What Not to Pack for Your Next Luxury Adventure Vacation
Adventure travel continues to be popular and is definitely not just for gap year students. Luxury hotels in South Africa, Tanzania and Myanmar are opening their doors and encouraging international travelers to experience some amazing adventures, cosseted by five star hotel standards, yet immersed in a totally different culture.

Packing advice is to travel light and leave behind a lot of those high-tech gadgets which are part of our everyday westernized lifestyle. The challenge is could you really do without the following essentials?

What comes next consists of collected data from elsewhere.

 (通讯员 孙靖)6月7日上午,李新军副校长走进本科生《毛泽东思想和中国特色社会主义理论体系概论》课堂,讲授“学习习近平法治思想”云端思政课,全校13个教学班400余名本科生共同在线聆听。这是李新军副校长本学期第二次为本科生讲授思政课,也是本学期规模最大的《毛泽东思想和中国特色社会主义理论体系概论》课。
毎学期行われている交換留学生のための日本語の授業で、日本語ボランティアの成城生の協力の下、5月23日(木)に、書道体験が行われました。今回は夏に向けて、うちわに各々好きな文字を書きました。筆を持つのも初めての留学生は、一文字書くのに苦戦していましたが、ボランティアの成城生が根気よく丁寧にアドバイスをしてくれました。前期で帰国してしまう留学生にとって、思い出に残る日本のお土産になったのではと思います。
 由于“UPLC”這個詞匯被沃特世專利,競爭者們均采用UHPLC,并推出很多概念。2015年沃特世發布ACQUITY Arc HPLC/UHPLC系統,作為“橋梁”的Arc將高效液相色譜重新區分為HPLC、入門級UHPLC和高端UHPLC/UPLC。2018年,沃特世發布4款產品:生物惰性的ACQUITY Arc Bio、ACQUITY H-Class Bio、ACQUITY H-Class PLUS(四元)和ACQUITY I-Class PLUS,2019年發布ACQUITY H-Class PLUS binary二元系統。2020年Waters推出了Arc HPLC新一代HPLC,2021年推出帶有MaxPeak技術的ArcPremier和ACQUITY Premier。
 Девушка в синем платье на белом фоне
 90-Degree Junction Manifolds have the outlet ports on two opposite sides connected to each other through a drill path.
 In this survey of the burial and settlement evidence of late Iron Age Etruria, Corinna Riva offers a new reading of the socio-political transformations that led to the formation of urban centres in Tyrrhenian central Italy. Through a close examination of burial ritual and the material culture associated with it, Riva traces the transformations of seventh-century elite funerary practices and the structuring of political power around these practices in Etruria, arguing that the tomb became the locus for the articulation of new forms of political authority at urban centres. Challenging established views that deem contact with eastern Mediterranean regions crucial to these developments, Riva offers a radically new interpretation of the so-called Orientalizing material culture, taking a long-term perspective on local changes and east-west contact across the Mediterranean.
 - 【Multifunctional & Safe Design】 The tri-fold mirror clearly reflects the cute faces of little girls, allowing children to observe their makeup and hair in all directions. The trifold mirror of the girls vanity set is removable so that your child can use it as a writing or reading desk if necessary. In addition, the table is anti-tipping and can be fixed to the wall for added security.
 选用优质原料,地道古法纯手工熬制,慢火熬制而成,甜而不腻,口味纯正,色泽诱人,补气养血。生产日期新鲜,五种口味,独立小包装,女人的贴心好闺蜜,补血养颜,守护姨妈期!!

E-readers – designed to save space and weight in luggage, they are far more stealable than books, you need to recharge them and, on a charitable note, you cannot leave them behind for the locals to enjoy. Better take a couple of bestsellers and trade them with fellow guests before giving them away.
GPS – another useful gadget, especially if you like Geocaching, but they attract thieves like magpies to gems. A compass may be less likely to break, is definitely cheaper and with a map you will understand far more about the local terrain.
Ipod – space saving and familiar, but music does isolate you from the foreign sounds that are part of any trip – the babble of local languages, wails from the muezzin or the quiet sounds of unseen inhabitants in the rainforest.
Translation Software – there are some great translation software packages including an iPhone app that overlays English onto foreign writing. Unfortunately users say it is useless on menus, so perhaps the good old dictionary, phrase book and a smile may get you further in the end.
Personally I leave behind the things that distract and take everything that may enhance my trip. How about you?